We ran a series of demonstrations on three highly imbalanced datasets from various fields.
We introduced model-level approaches for assessing the quality of the generated data using the GAN.

The rest of our paper is organized as follows. In Section 2, we briefly illustrate the related work. Section 3 discusses the proposed methodology. In Section 4, we introduce our experimental framework. Section 5 discusses the experimental results, and Section 6 concludes our work.

2. Related Work

Due to the immense utilization of deep learning in the area of supervised learning [36,37], the GANs for real-world datasets face multiple challenges.
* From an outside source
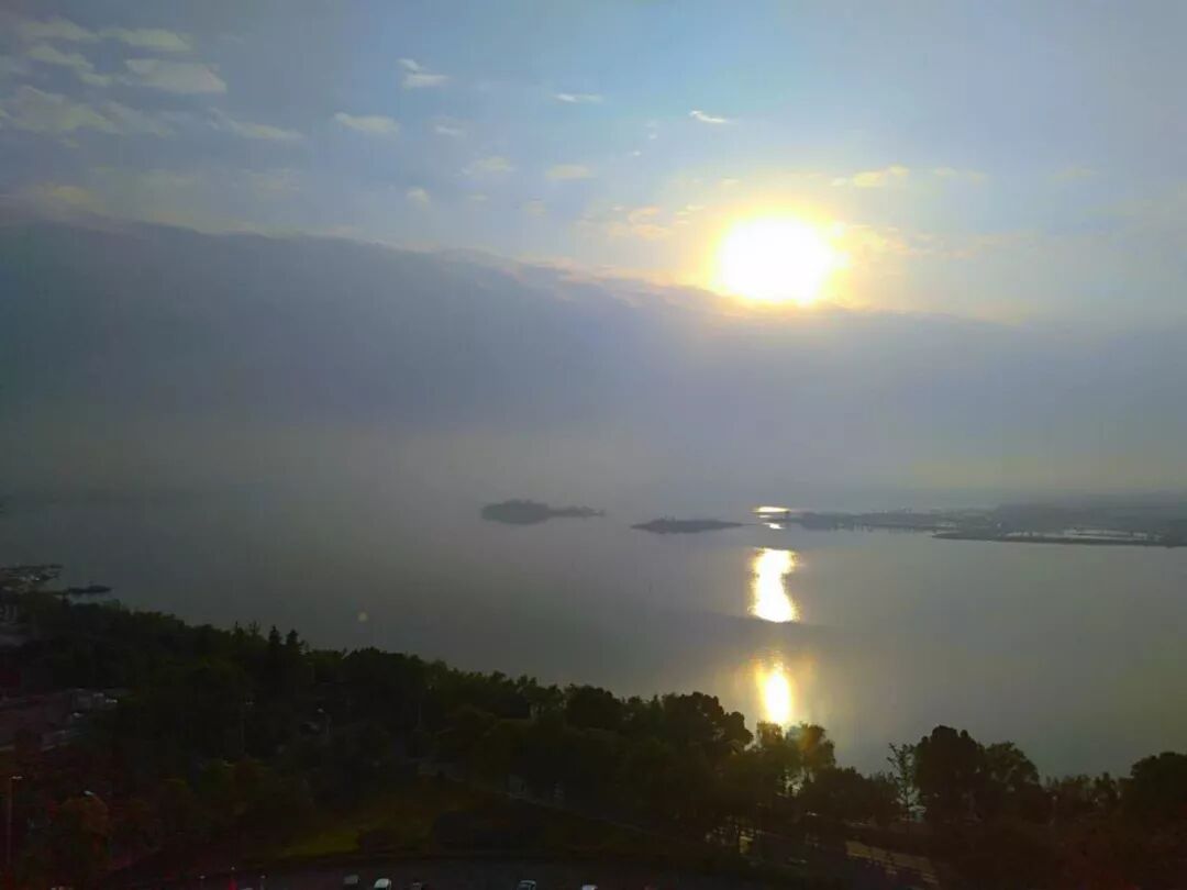 第二天早上7:30,我們到一樓吃早餐,碰到大伙,大家的起得早啊~自助早餐吃完,大家就在酒店大廳商量今天的行程,跟大部隊去環湖了,然后再去太陽山。

The challenges include multi-datatypes, random distributions, and high-dimensional data. Choi et al., in [38] introduced a novel GAN model called the medical GAN (MedGAN). In their work, they used an autoencoder to convert the categorical data into a latent space where the generator model could learn its characteristics. However, they evaluated their dataset only using the binary class. The authors in [39] presented a novel method called the CorrGAN (correlated GAN) to generate synthetic discrete data. To approach this idea, the author’s main goal was to build an AI (artificial intelligence) agent based on a text career. They used a vanilla autoencoder to transform the discrete data into a continuous space. They found out that their proposed model performed better when it captured the deep correlation within the data. However, the performance might have increased if they conditioned their model with some parameters.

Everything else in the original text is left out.